--- EXERCISE DATA ---
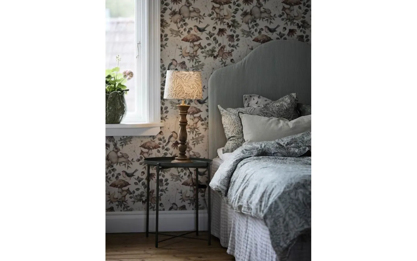 Lodge bordslampa från välkända PR Home är en elegant bordslampa med svarvad träfot och mönstrad lampskärm.
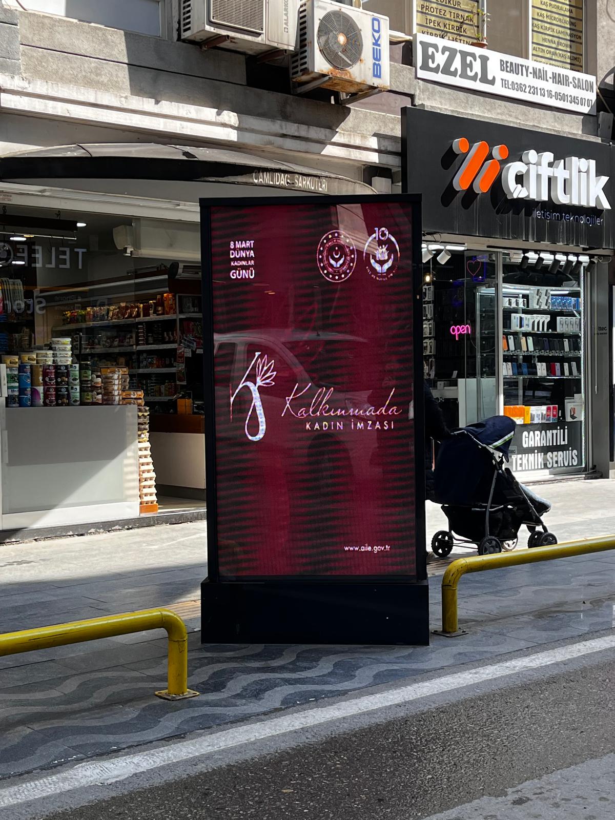 8 Mart Dünya Kadınlar Günü kapsamında Samsun genelinde farkındalık oluşturmak amacıyla çeşitli etkinlikler gerçekleştirildi. Bu kapsamda hazırlanan afişler şehrin farklı noktalarında yer alırken, Samsun Büyükşehir Belediyesine ait led ekranlarda da 8 Mart Dünya Kadınlar Günü’ne yönelik mesajların yer aldığı görseller yayınlandı.
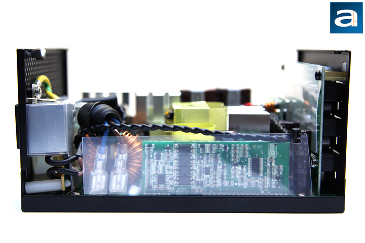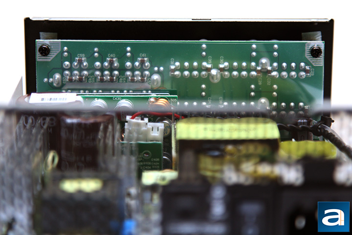 At the back, we have a large daughterboard covering the entire rear panel for the modular cable sockets. All modular sockets at the bottom are soldered directly to the main PCB after the secondary stage to reduce power transmission loss. The output connector configuration can be seen on the previous page. Overall, the internal build quality of Seasonic's PRIME Titanium 850W power supply is practically second to none -- nothing short of what we would expect from a flagship product from the company. Components are arranged beautifully for optimal cooling with almost no wires running around inside, and solder points on its green PCB are very clean in general. I would say the Seasonic branded, Seasonic built PRIME Titanium 850W is simply excellent with regards to the selection of components used under the hood.
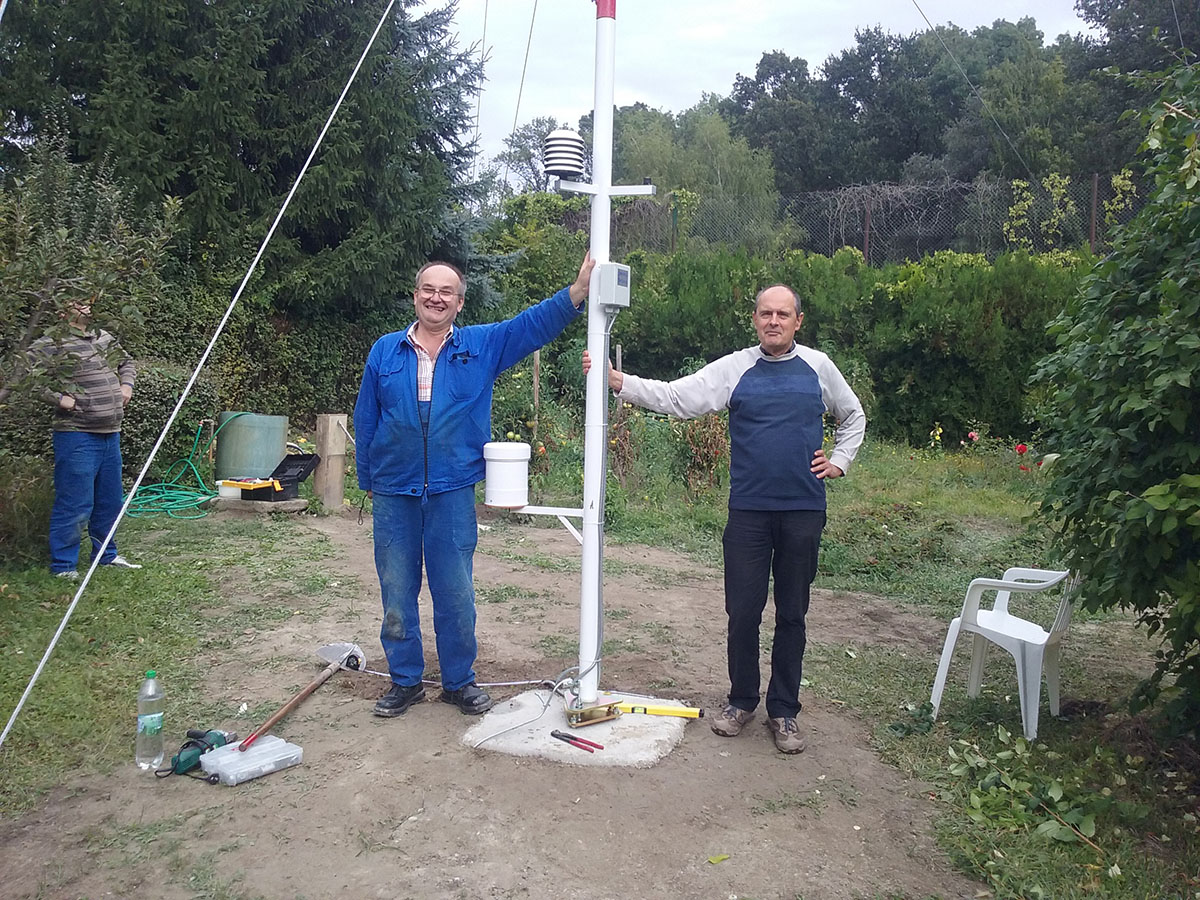 Mindjárt hozzátenném, az állomást oktatási célból telepítettük, nem tartozik az OMSZ hálózatába, de mérési pontossága megközelíti az OMSZ-os állomásokét. A telephelyünkön kijelölhető legoptimálisabb helyen állítottuk fel, természetesen a 10 m-es árbócon lévő szélmérőt így is zavarják a távolabbi környezet magas fái, de a focipályára nem tehettük, ez keresztülhúzná a két év “múlvai” BL döntőre való kandidatúránkat. Célunk, hogy minél szélesebb közönség láthassa az adatokat, különösen diákjaink.. Még egyszer köszönöm mindenkinek, aki bármilyen szintű anyagi-szellemi támogatást nyújtott az állomás felállításához. Természetesen ezzel a bicajtúrákra, pinnyédi sütésekre való előrejelzési kapacitásunk nem növekedett, viszont testközelből figyelhetjük meg a globális felmelegedés jeleit.

--- TASK STATEMENT ---
Print the complete listing exactly, apart from any pictures.

--- RESPONSE BELOW ---
 Lodge bordslampa från välkända PR Home är en elegant bordslampa med svarvad träfot och mönstrad lampskärm.
 8 Mart Dünya Kadınlar Günü kapsamında Samsun genelinde farkındalık oluşturmak amacıyla çeşitli etkinlikler gerçekleştirildi. Bu kapsamda hazırlanan afişler şehrin farklı noktalarında yer alırken, Samsun Büyükşehir Belediyesine ait led ekranlarda da 8 Mart Dünya Kadınlar Günü’ne yönelik mesajların yer aldığı görseller yayınlandı.
 At the back, we have a large daughterboard covering the entire rear panel for the modular cable sockets. All modular sockets at the bottom are soldered directly to the main PCB after the secondary stage to reduce power transmission loss. The output connector configuration can be seen on the previous page. Overall, the internal build quality of Seasonic's PRIME Titanium 850W power supply is practically second to none -- nothing short of what we would expect from a flagship product from the company. Components are arranged beautifully for optimal cooling with almost no wires running around inside, and solder points on its green PCB are very clean in general. I would say the Seasonic branded, Seasonic built PRIME Titanium 850W is simply excellent with regards to the selection of components used under the hood.
 Mindjárt hozzátenném, az állomást oktatási célból telepítettük, nem tartozik az OMSZ hálózatába, de mérési pontossága megközelíti az OMSZ-os állomásokét. A telephelyünkön kijelölhető legoptimálisabb helyen állítottuk fel, természetesen a 10 m-es árbócon lévő szélmérőt így is zavarják a távolabbi környezet magas fái, de a focipályára nem tehettük, ez keresztülhúzná a két év “múlvai” BL döntőre való kandidatúránkat. Célunk, hogy minél szélesebb közönség láthassa az adatokat, különösen diákjaink.. Még egyszer köszönöm mindenkinek, aki bármilyen szintű anyagi-szellemi támogatást nyújtott az állomás felállításához. Természetesen ezzel a bicajtúrákra, pinnyédi sütésekre való előrejelzési kapacitásunk nem növekedett, viszont testközelből figyelhetjük meg a globális felmelegedés jeleit.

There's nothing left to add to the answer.